Now Canada is preparing to honor the 95-year-old monarch — Canada’s head of state and the world’s oldest crowned head — with a series of tributes to mark her 70-year reign, including lighting a cauldron giant in Ottawa.

The beacon is one of 1,500 that will be lit in capital cities across the Commonwealth and across the UK on June 2.

COVID-19 means Platinum Jubilee celebrations could prove more low-key than Queen Elizabeth II’s Silver Jubilee in 1977, which included street parties and concerts, her Golden Jubilee in 2002 or its Diamond Jubilee in 2012.

But a plan has already been drawn up in London for events across the Commonwealth, including Canada.

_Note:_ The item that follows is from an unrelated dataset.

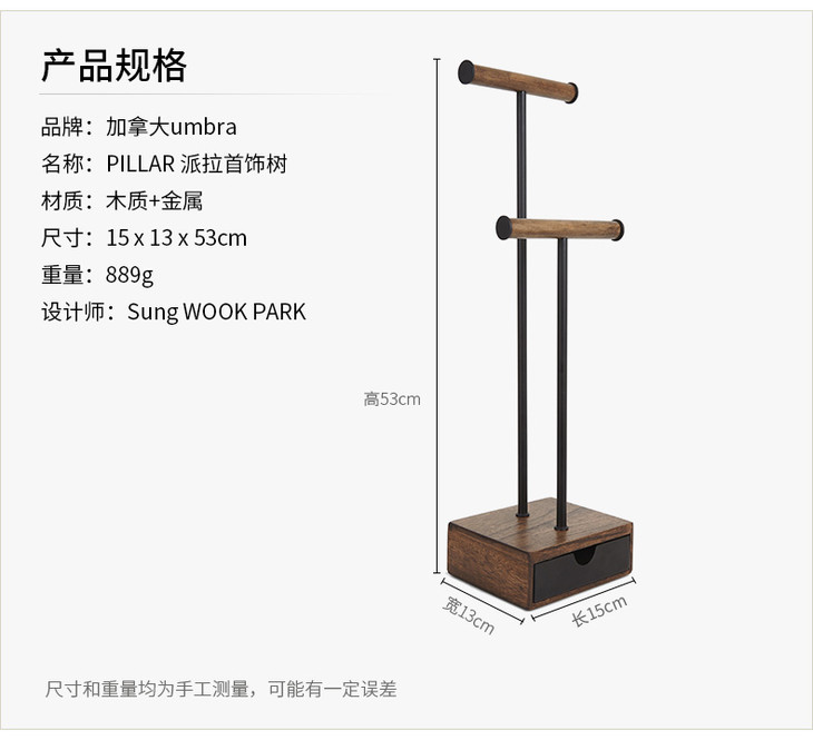 umbra实木首饰收纳架 复古创意项链展示架子 首饰树首饰珠宝盒

The anniversary of the Queen’s accession to the throne falls on February 6, but most celebrations are held in the first week of June due to the weather. His previous jubilee celebrations have all been held in the summer.

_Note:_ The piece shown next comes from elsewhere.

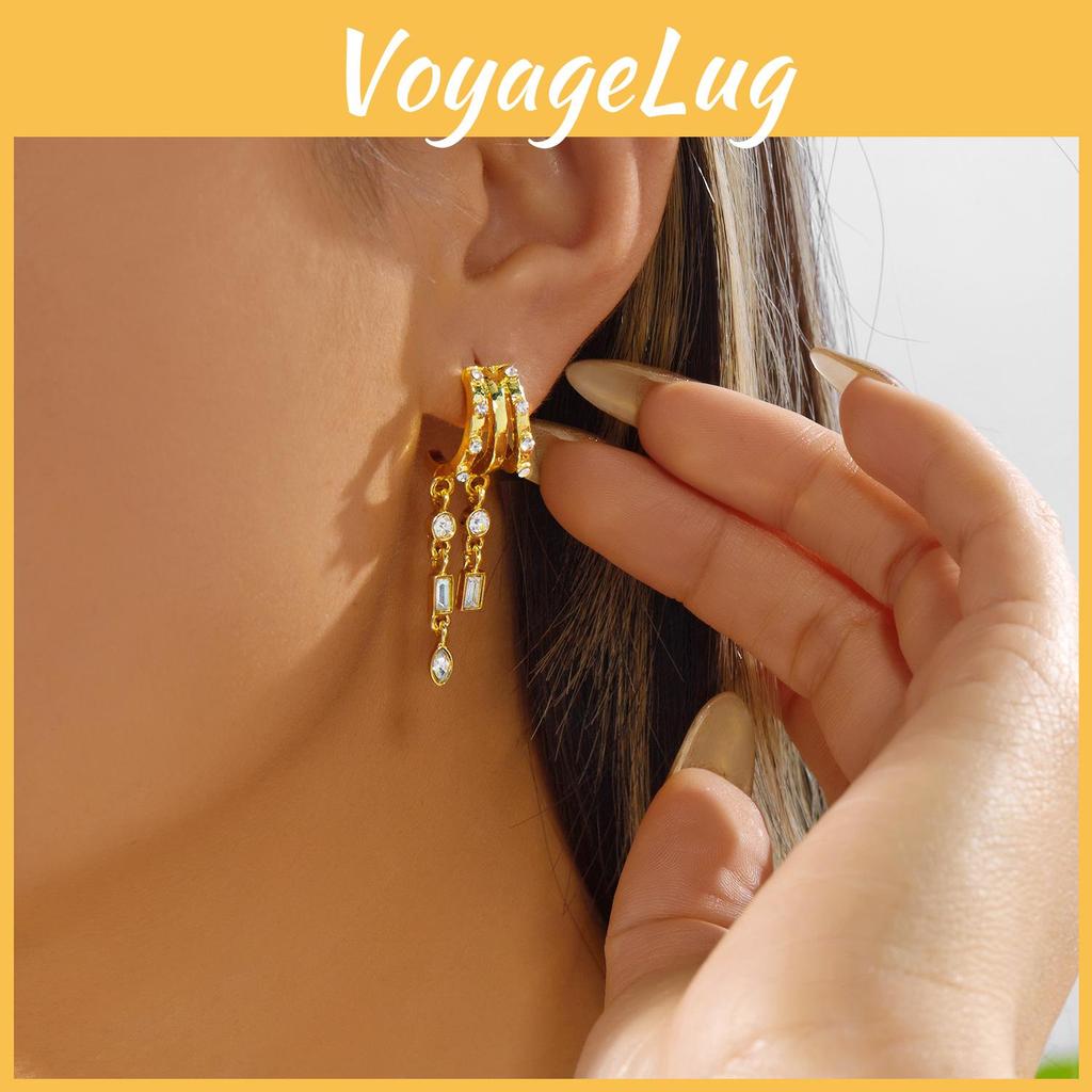 Fashion Alloy Asymmetrical Drop Earrings With Chain Tassels For Women

In Canada, plans for June 2 include having town criers at 2 p.m. in towns across the country who proclaim “hear, hear” before reciting a specially worded proclamation in honor of the Queen’s historic reign, and to announce the lighting of the jubilee headlights that evening.

Just before the cauldron in Ottawa is lit, a bugle call composed for the jubilee and titled “Majesty” will be played. Before that, pipers from British Columbia to the Maritimes will play a composition by a well-known piper titled He reigned for a long time — Latin words which could be translated as “a long reign”.

The Queen, born in 1926, ascended the throne in February 1952, aged 27, after the death of her father, King George VI. She sat on the throne longer than Queen Victoria.

The federal government is preparing “a series of initiatives to highlight the Queen’s remarkable 70 years of service,” said a spokeswoman for Canadian Heritage Minister Pablo Rodriguez. These initiatives should include the minting of a commemorative coin and the printing of a stamp.

The Department of Canadian Heritage has also created a Jubilee Fund offering grants of $5,000 for community projects to mark the occasion, such as a parade, the planting of a memorial tree, the holding of a concert or the organization of a festival of lights. Schools, universities, non-profit organizations and Indigenous governments are among those who can apply for funding.